WHAT YOU WILL DO — Transcribe, exactly and without pictures, the lines below from the line with "Two people sit" to the line with "Horse drawn wagons", both ends included, and no others.
§
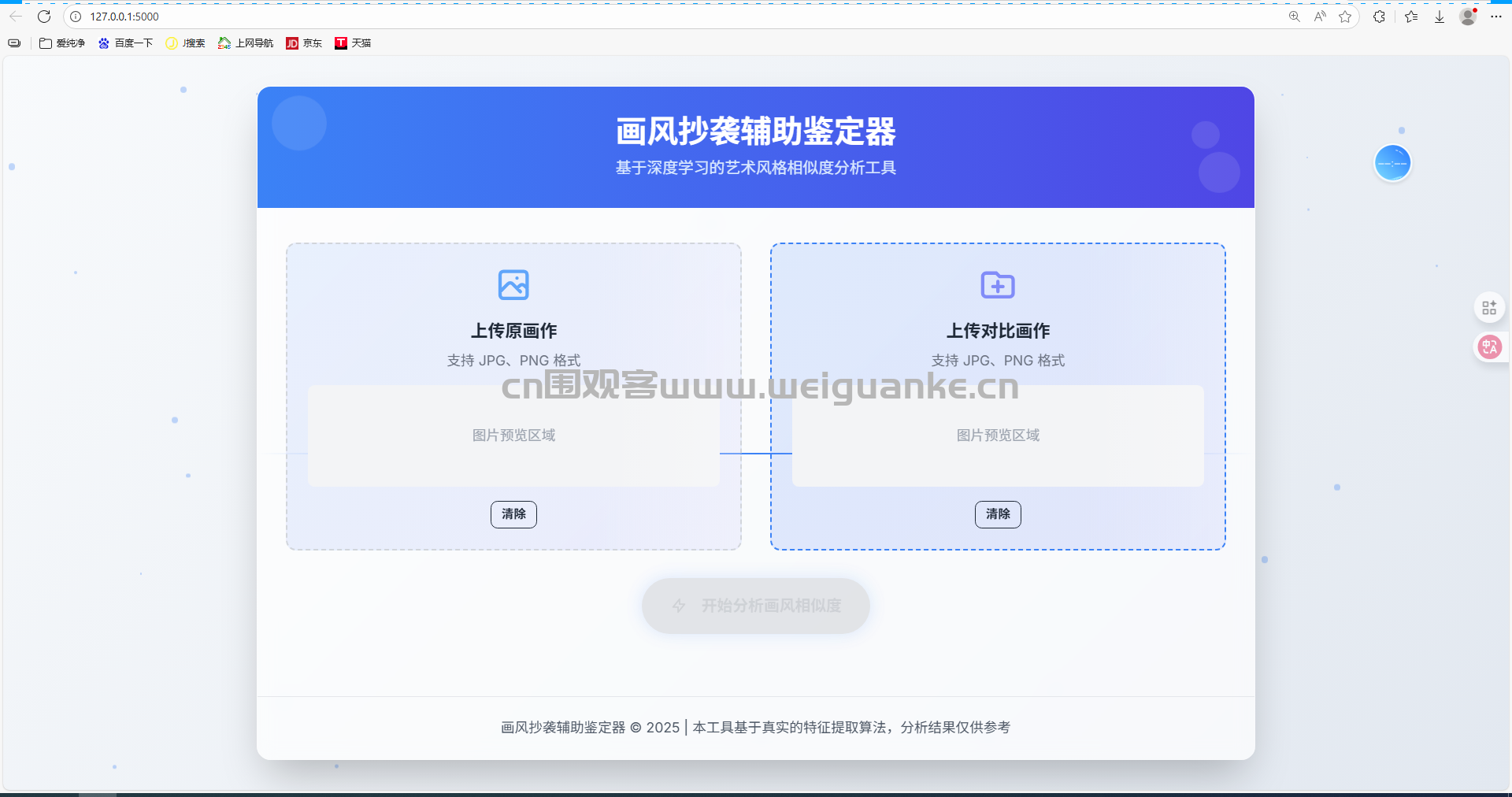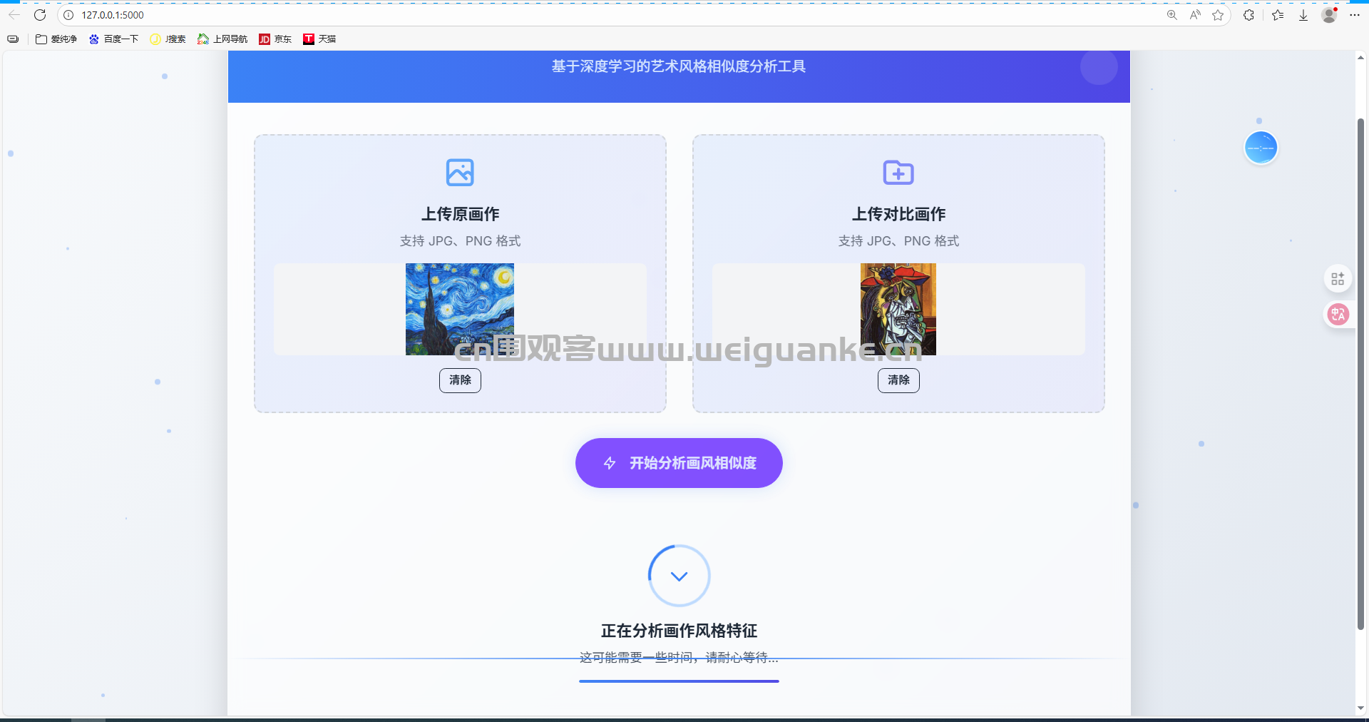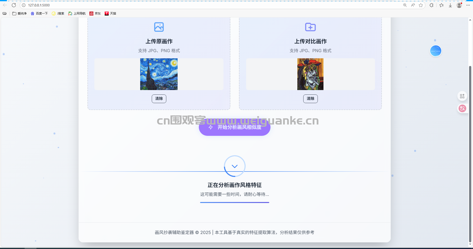zhe, zhuo python 9小时前 基于画风特征解构的画风抄袭辅助鉴定器 项目描述 基于画风特征解构的画风抄袭辅助鉴定器 项目功能:上传图片进行画风相似度评分以及可视化 运行环境 开发工具:PyCharm 运行环境:python3.8 此配置为本人调试所用,仅供参考 项目技术: 后端:flask 相似度计算算法 纹理特征提取 构图特征提取 以上系统源码经过技术整理与调试,确保能正常运行
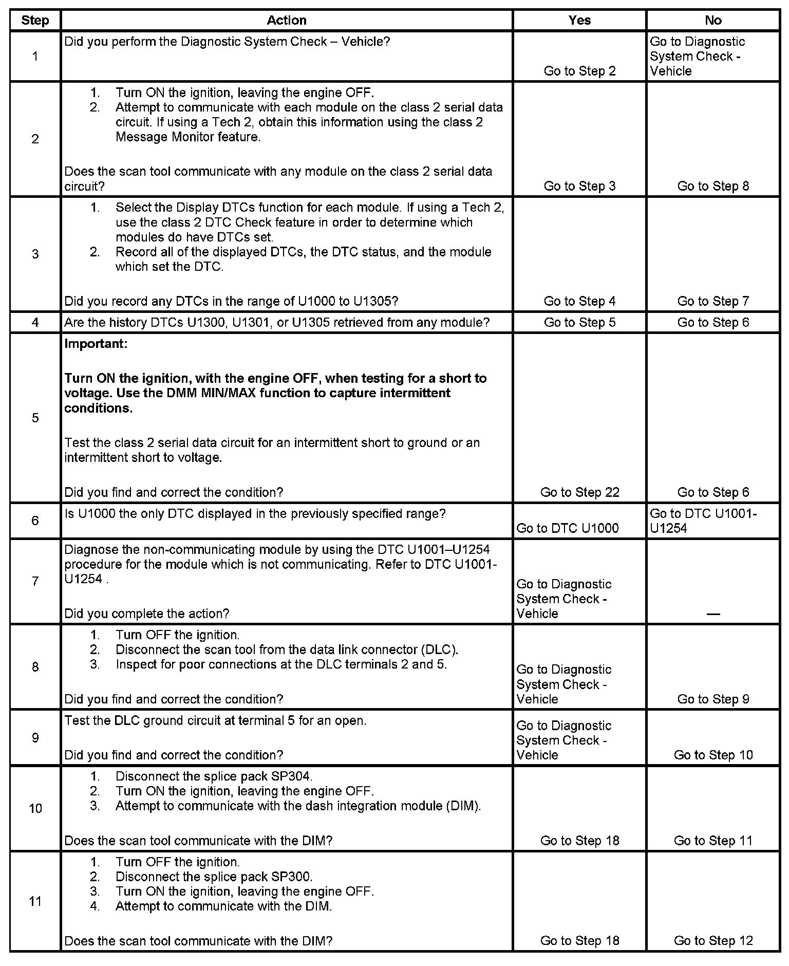 2. A partial malfunction in the class 2 serial data circuit uses a different procedure from a total malfunction of the class 2 serial data circuit. The following modules communicate on class 2 serial data bus:
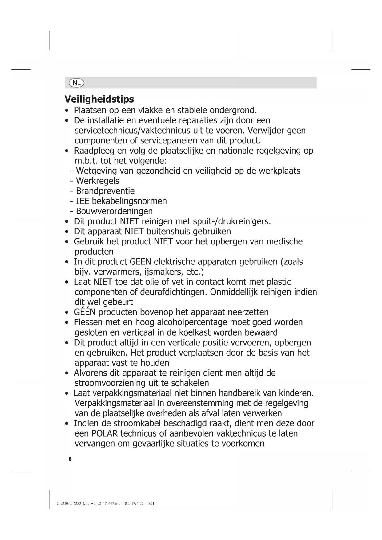 - Indien de stroomkabel beschadigd raakt, dient men deze door een POLAR technicus of aanbevolen vaktechnicus te laten vervangen om gevaarlijke situaties te voorkomen CD229-CD230_ML_A5_v2_170627.indb 8 2017/6/27 10:519
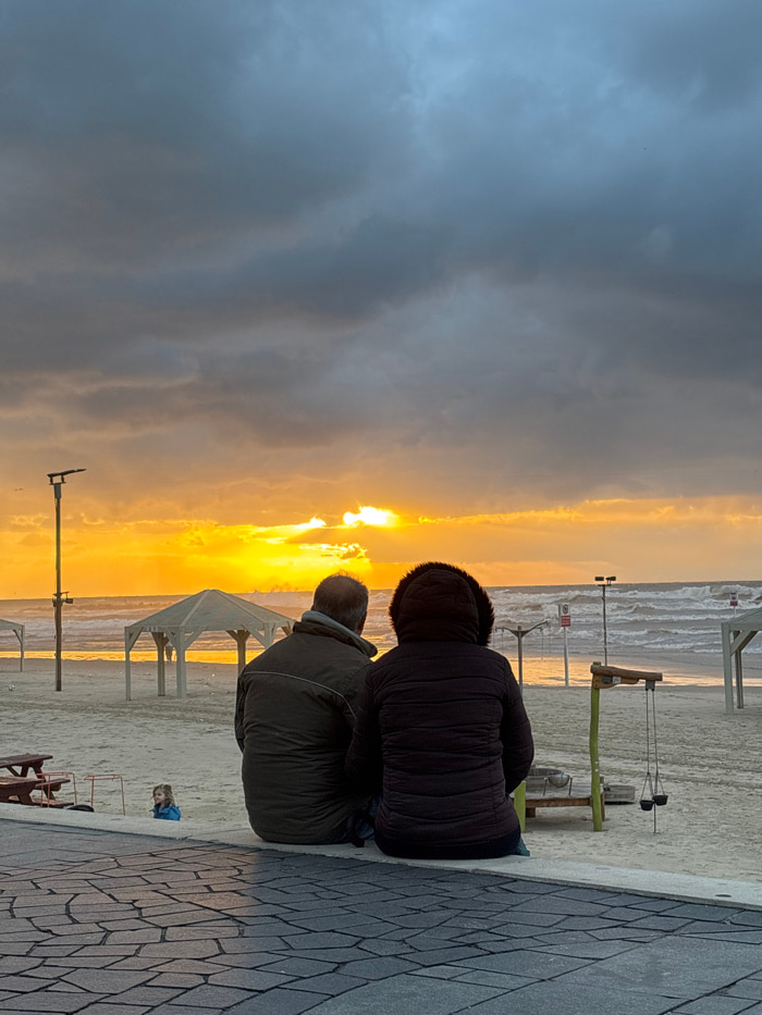 Two people sit together on a paved walkway, gazing at a vibrant sunset over the sea. Dark clouds loom on the left, contrasting with the bright orange and yellow hues reflecting off the water. Beach in…read more
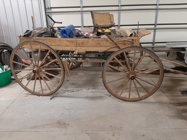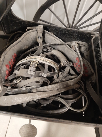 Horse drawn wagons and sleigh. Harness, fly net, wagon jack.
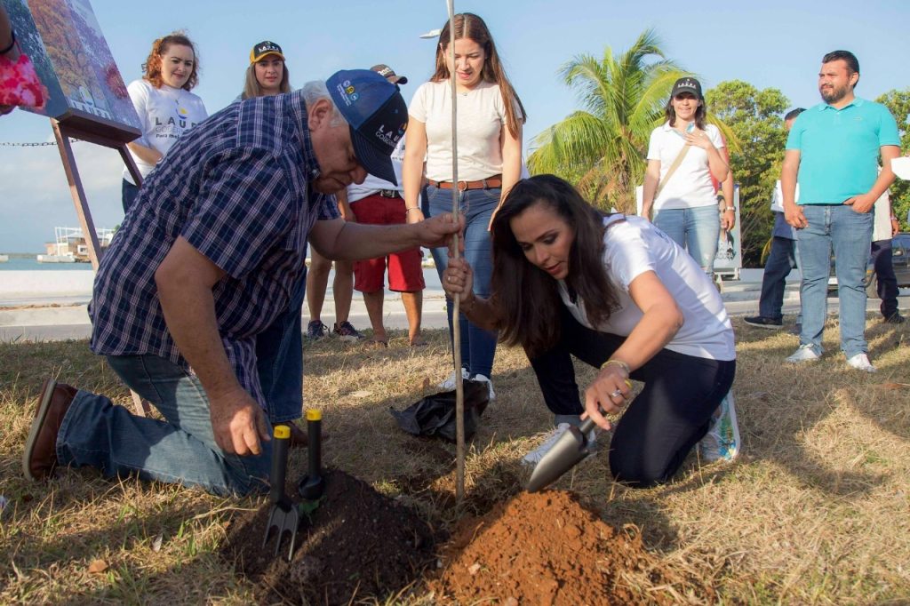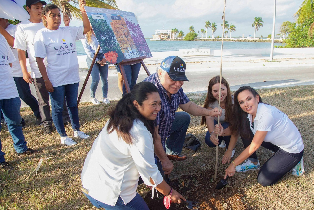 Asimismo, durante la mañana de hoy la candidata Laura Fernández Piña, de la coalición Va Por Quintana, acudió al Boulevard Bahía de Chetumal para realizar acciones de reforestación. En el sitio coló árboles de la especies endémica conocida como maculis y ciricote, que por sus flores de bellos colores son apreciadas en la región, por lo que hizo un llamado a la población a cuidar el ambiente y proteger la áreas verdes.
§
YOUR RESPONSE —
 Two people sit together on a paved walkway, gazing at a vibrant sunset over the sea. Dark clouds loom on the left, contrasting with the bright orange and yellow hues reflecting off the water. Beach in…read more
 Horse drawn wagons and sleigh. Harness, fly net, wagon jack.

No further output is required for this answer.